SFFILM Cedar Road’s Iyagi Grant is dedicated to discovering and nurturing stories that capture the depth, nuance, and complexity of Asian and Asian American characters and experiences. In Korean, “iyagi” translates to “story”—a word that embodies the heart of this grant’s mission: to champion storytelling as a powerful bridge connecting people across cultures and perspectives.

The Cedar Road Iyagi Grant, supported by the film finance and production company Cedar Road (known for projects such as Dìdi (弟弟), The Last Year of Darkness, and The Accidental Getaway Driver), is dedicated to fostering bold and original stories that amplify Asian and Asian American perspectives. This grant focuses on developing narratives that go beyond stereotypes—prioritizing compelling themes, unexpected genres, and fresh artistic visions. By supporting these diverse voices, Cedar Road’s Iyagi Grant helps to enrich the cinematic landscape, ensuring that stories from these communities are not only told but also authentically represented.

The two projects listed alphabetically by title are:

Kominka

Screenwriter/Director: Kyoko Miyake
Screenwriting
An ambitious American woman takes a job in a remote Japanese village to help revive its aging community, but as she renovates a decaying traditional house, she uncovers the mystery of her missing predecessor—and begins to suspect she’s not alone.

Naked In Glendale

Screenwriter/Director: Haohao Yan, Producer: Jane Zheng, Julia Xu
Development
When a Chinese honor student falsely accuses a classmate to escape scandal at an American boarding program, her lie spirals out of control—forcing her and her young teacher to confront the shame, secrets, and systems that silence them both.

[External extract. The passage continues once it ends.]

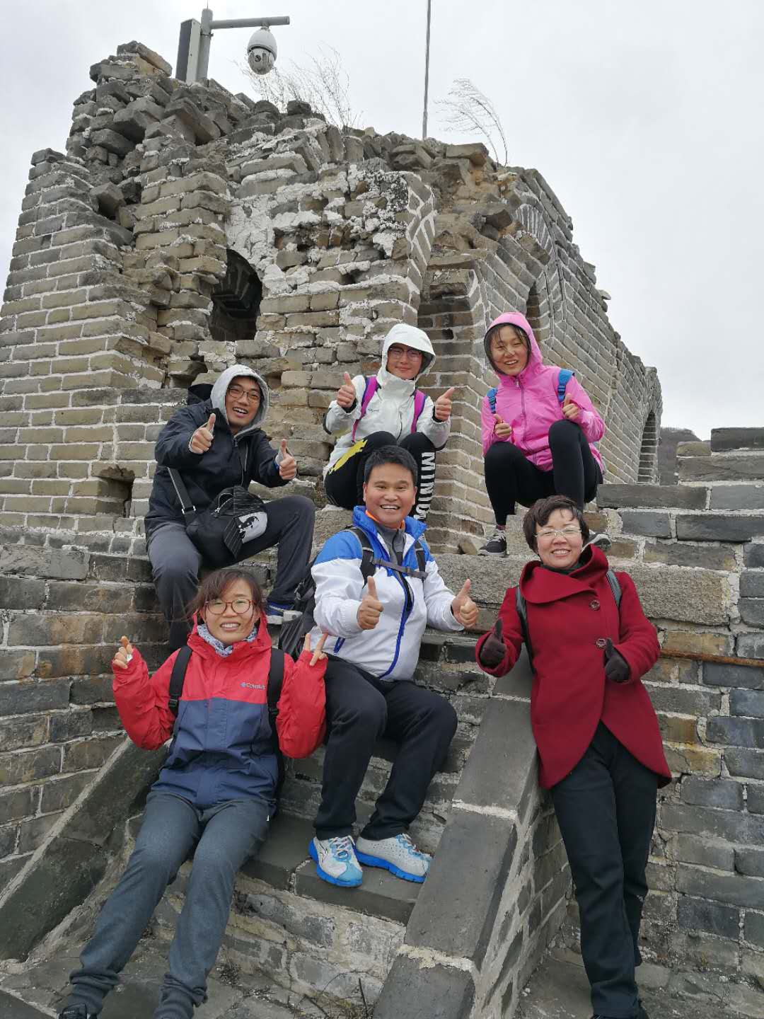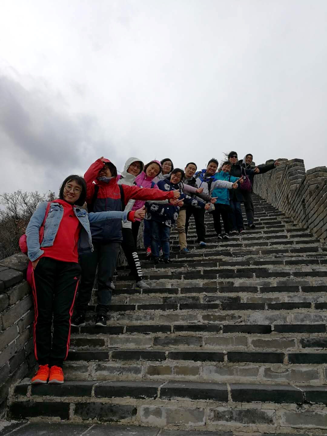 无论是迎风疾步快走,还是赏景拾级而上,或快或慢,前者呼,后者紧随而至。虽然未曾预料的大风为大家的爬长城增加了步履的阻力,但是,大家都在群山环绕的长城中获得心灵的释放。是的,如此巍峨的自然盛景,壮观的人力杰作,每个人都感到了“不到长城非好汉”的豪情。

SFFILM RAININ FILMMAKERS WITH DISABILITIES GRANT

The SFFILM Rainin Filmmaker with Disabilities Grant supports filmmakers who identify as having a disability with films that specifically address stories within the disability community. Notable projects supported through this program include The Tallest Dwarf (2025 SXSW World Premiere, 2025 Festival), Vivien’s Wild Ride (2025 San Francisco International Film Festival World Premiere), The Tuba Thieves (2023 Sundance Premiere, 2025 Festival), and I Didn’t See You There (2022 Sundance Premiere, 2022 Festival).

The three projects listed alphabetically by title are:

A Girl Got Her Hand Blown Up in Dolores Park

Screenwriter/Director: Roisin Isner
Screenwriting
After a shocking bomb attack leaves her permanently disabled, a 17 year old amputee investigates a teenage underworld of friends, enemies, and suspects.

All In My Head

Director: Marti Hines, Producer: Sophia Williams
Post-Production
After her own MS diagnosis, filmmaker Marti Hines sets out on a global journey to spotlight the untold stories of five Black women living with the disease—including Paralympic champion Kadeena Cox. Centered on Kadeena’s fierce pursuit of greatness, this documentary unearths resilience, sisterhood, and the fight for visibility in a system that too often looks the other way.

Vestibule

Director: Riley Hooper, Producers: Caitlin Mae Burke, Bryn Silverman
Post-Production
Vestibule is the story of one woman’s fight for sexual health, pleasure, and bodily autonomy. Through imaginative dance sequences and intimate voiceover, Riley chronicles her decade-long journey with Vestibulodynia — a vulvovaginal disorder. What begins as a quest for pain-free sex becomes a multigenerational story of resilience, dignity, and self-discovery.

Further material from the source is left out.